* [Information supplied]
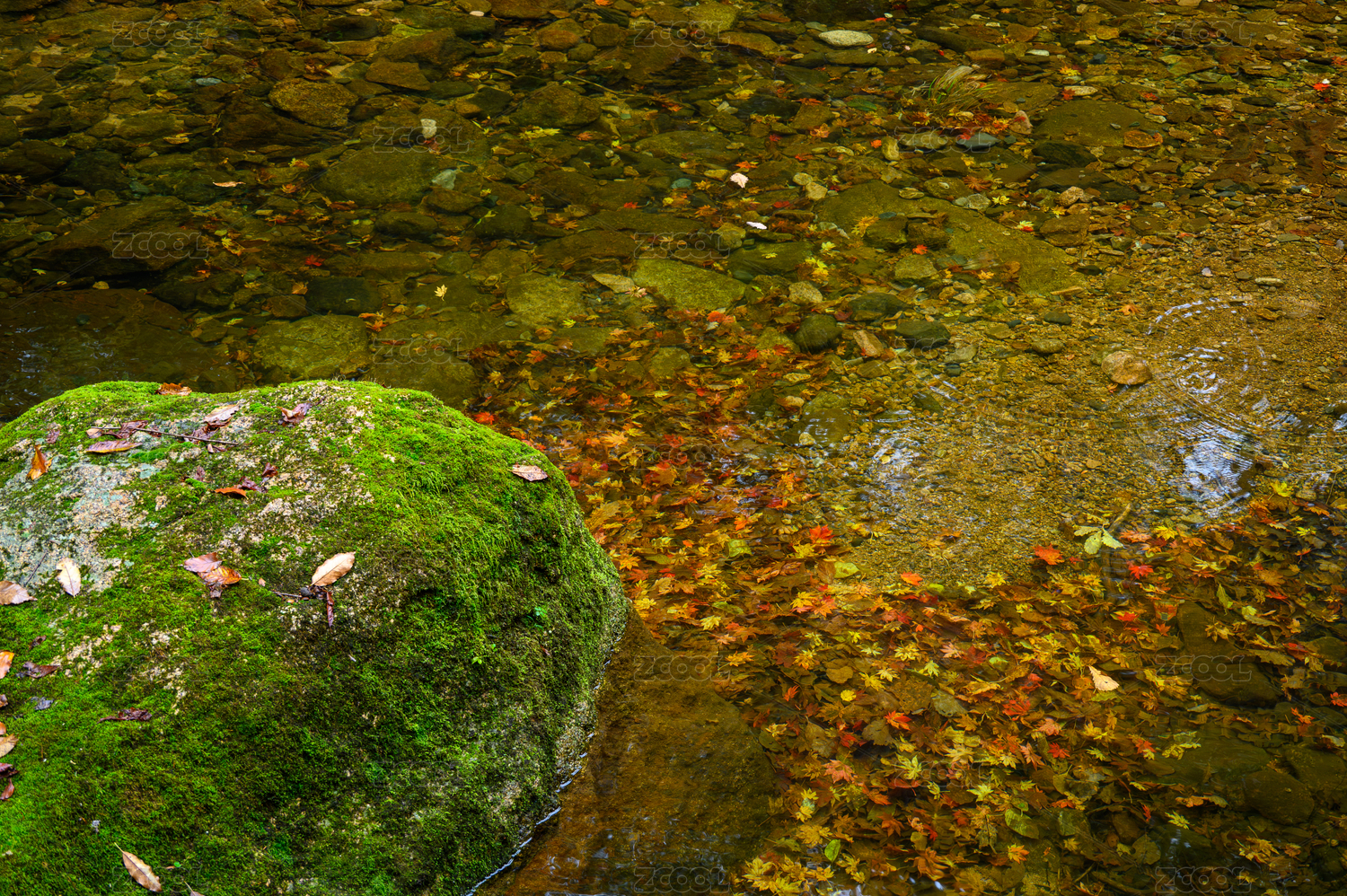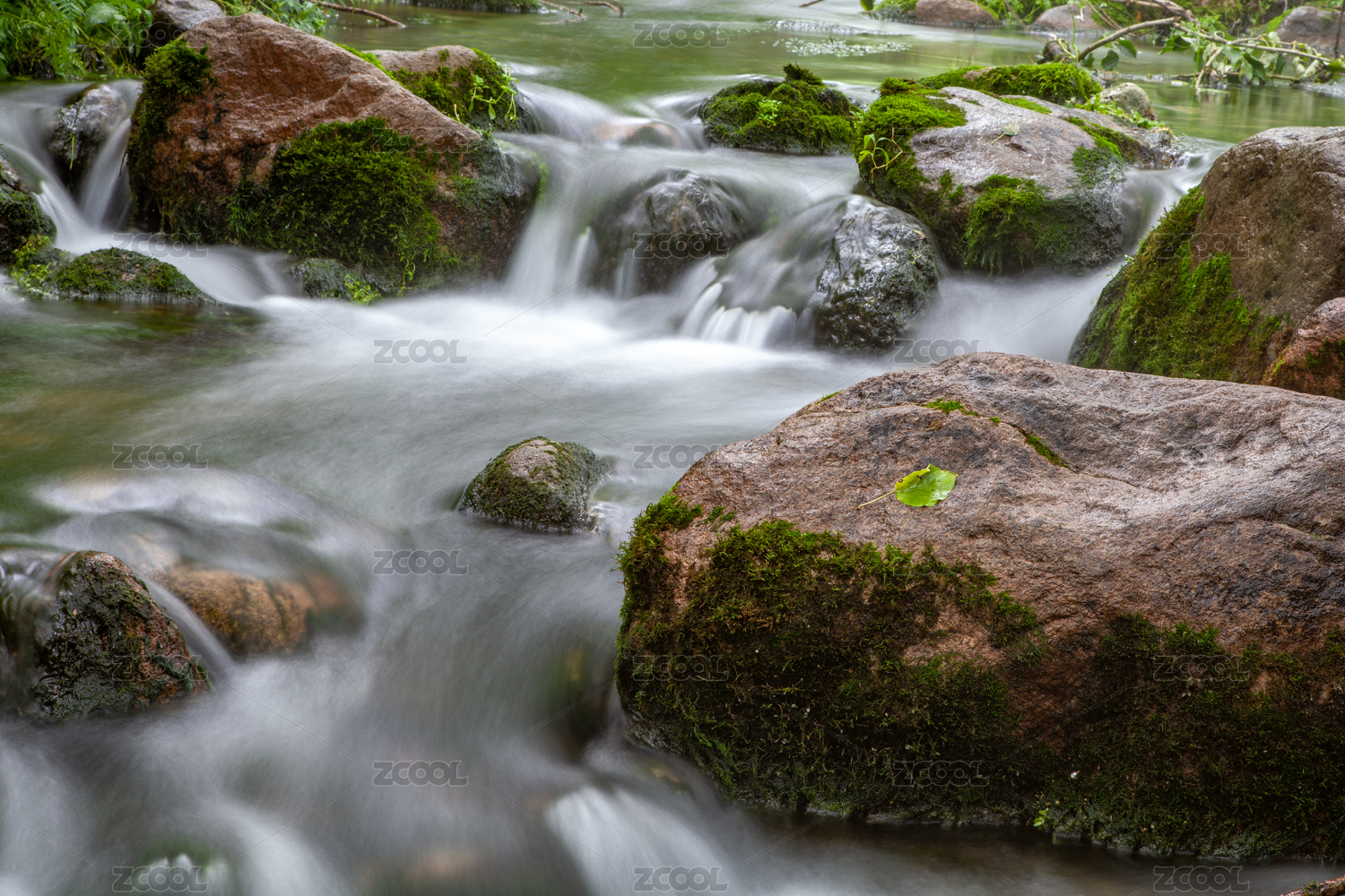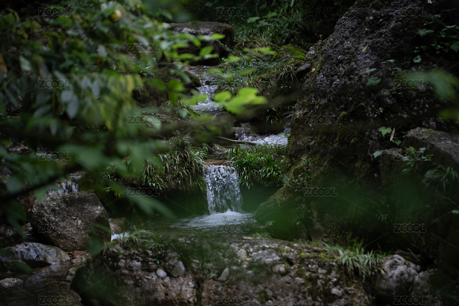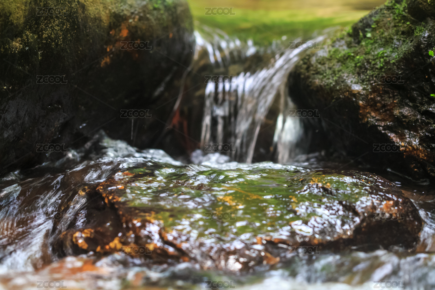 林間從長有青苔的石頭上流過的溪水
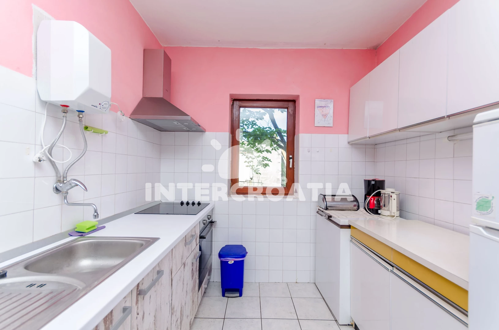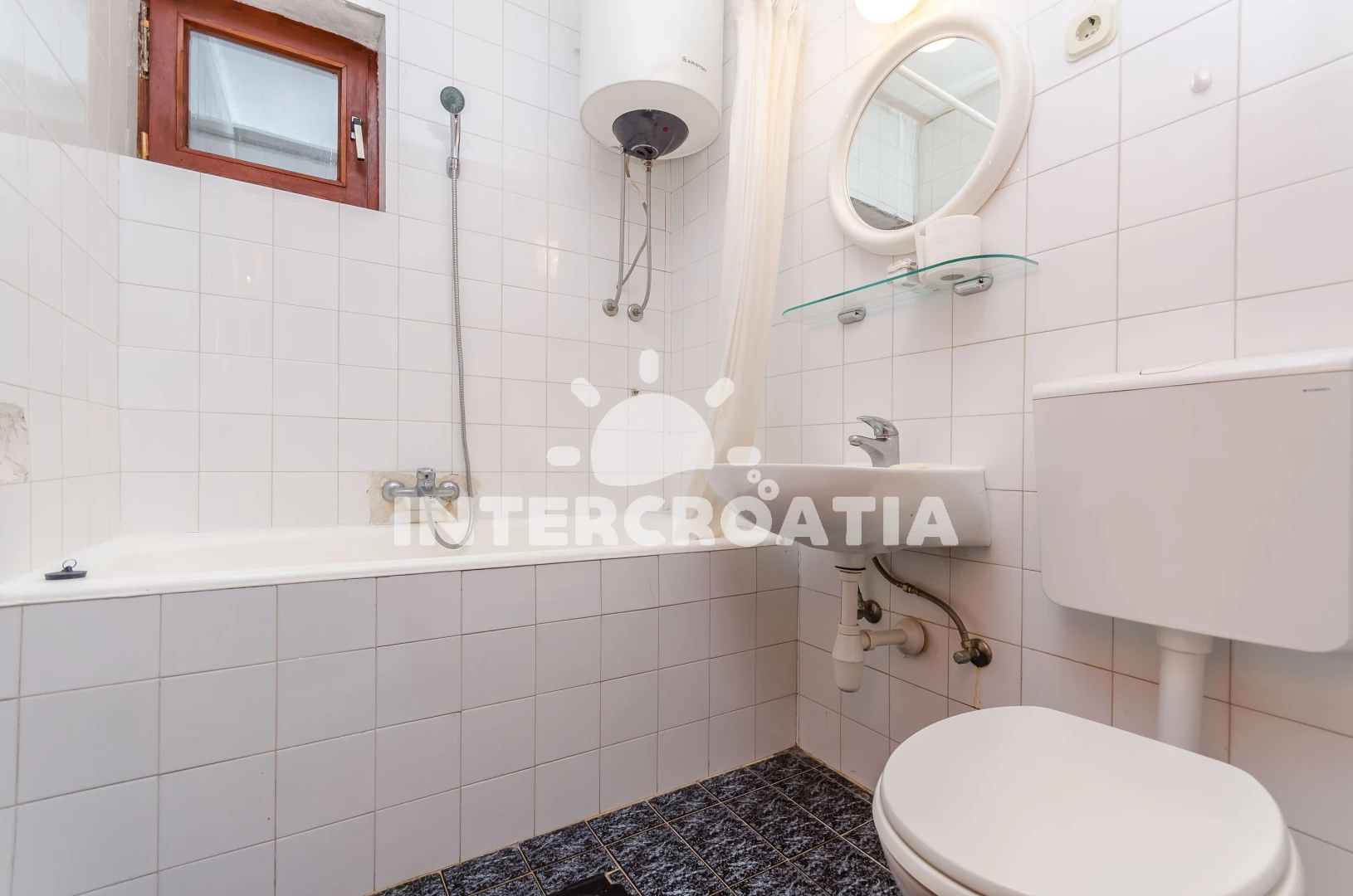 Vzdálenosti: Moře 200 m, pláž 300 m (betonové desky), supermarket 300 m, restaurace 300 m, centrum 300 m, bar 300 m, směnárna 7 km, lékárna 7 km, banka 10 km, letiště (Split) 15 km,
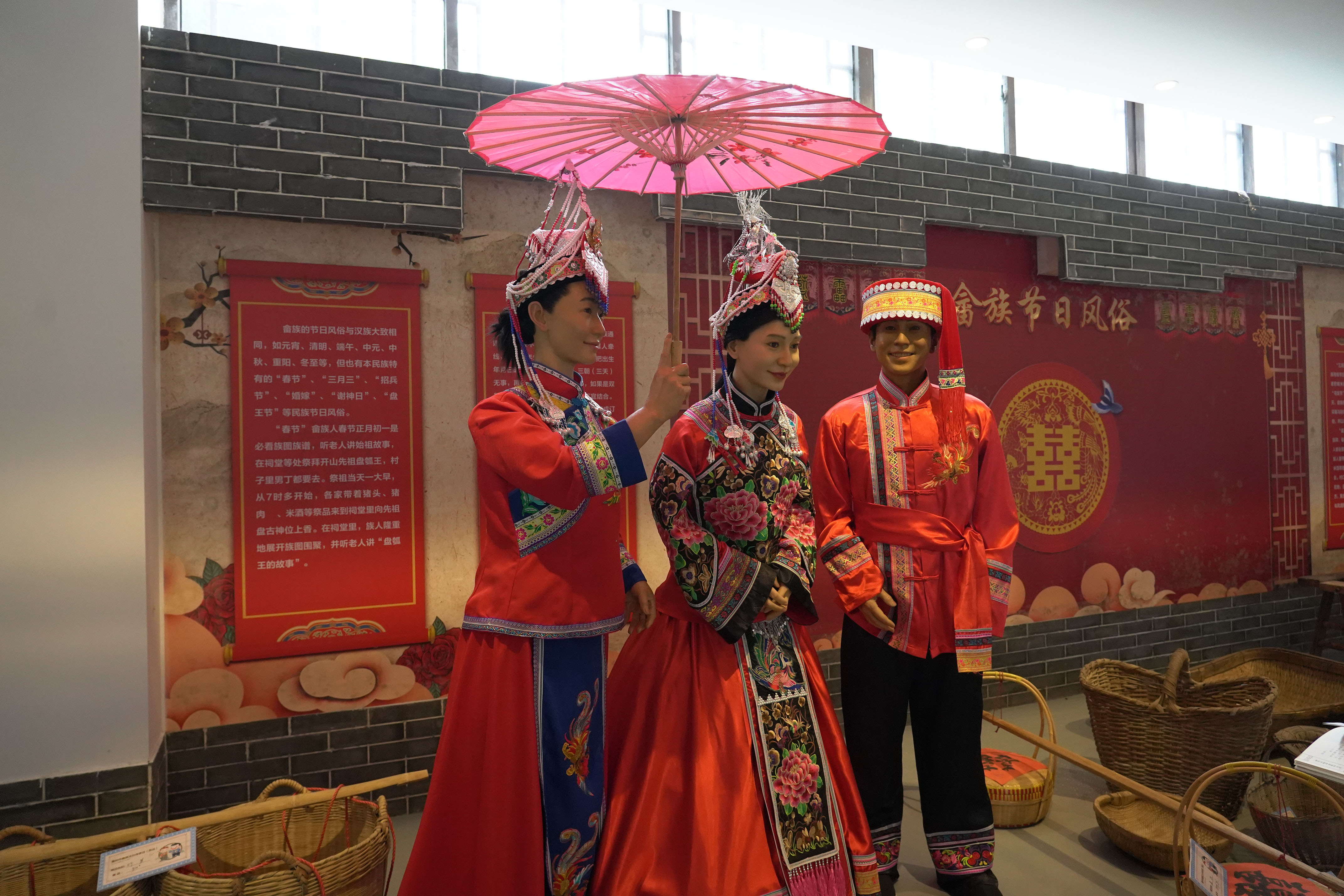 文化傳承館一樓墻面展板旁,穿著畬族新娘新郎和伴娘服飾的3個人體模型笑容滿面,喜慶氛圍感拉滿。“新郎”還用扁擔挑著裝滿米和酒的籮格迎親,寓意未來婚姻生活細水長流。
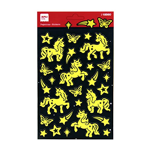 APLI Kids 18560-Klistermärken med självlysande finish Enhörningsmodell, Glöd i mörkret. Inkluderar 1 ark med 26 Permanent Självhäftande Klistermärken (18560)

* [Task description]
Leave out the pictures and repeat the lines from the start of the material through the line with "文化傳承館一樓墻面展板旁,穿", inclusive.

* [Answer area]
 林間從長有青苔的石頭上流過的溪水
 Vzdálenosti: Moře 200 m, pláž 300 m (betonové desky), supermarket 300 m, restaurace 300 m, centrum 300 m, bar 300 m, směnárna 7 km, lékárna 7 km, banka 10 km, letiště (Split) 15 km,
 文化傳承館一樓墻面展板旁,穿著畬族新娘新郎和伴娘服飾的3個人體模型笑容滿面,喜慶氛圍感拉滿。“新郎”還用扁擔挑著裝滿米和酒的籮格迎親,寓意未來婚姻生活細水長流。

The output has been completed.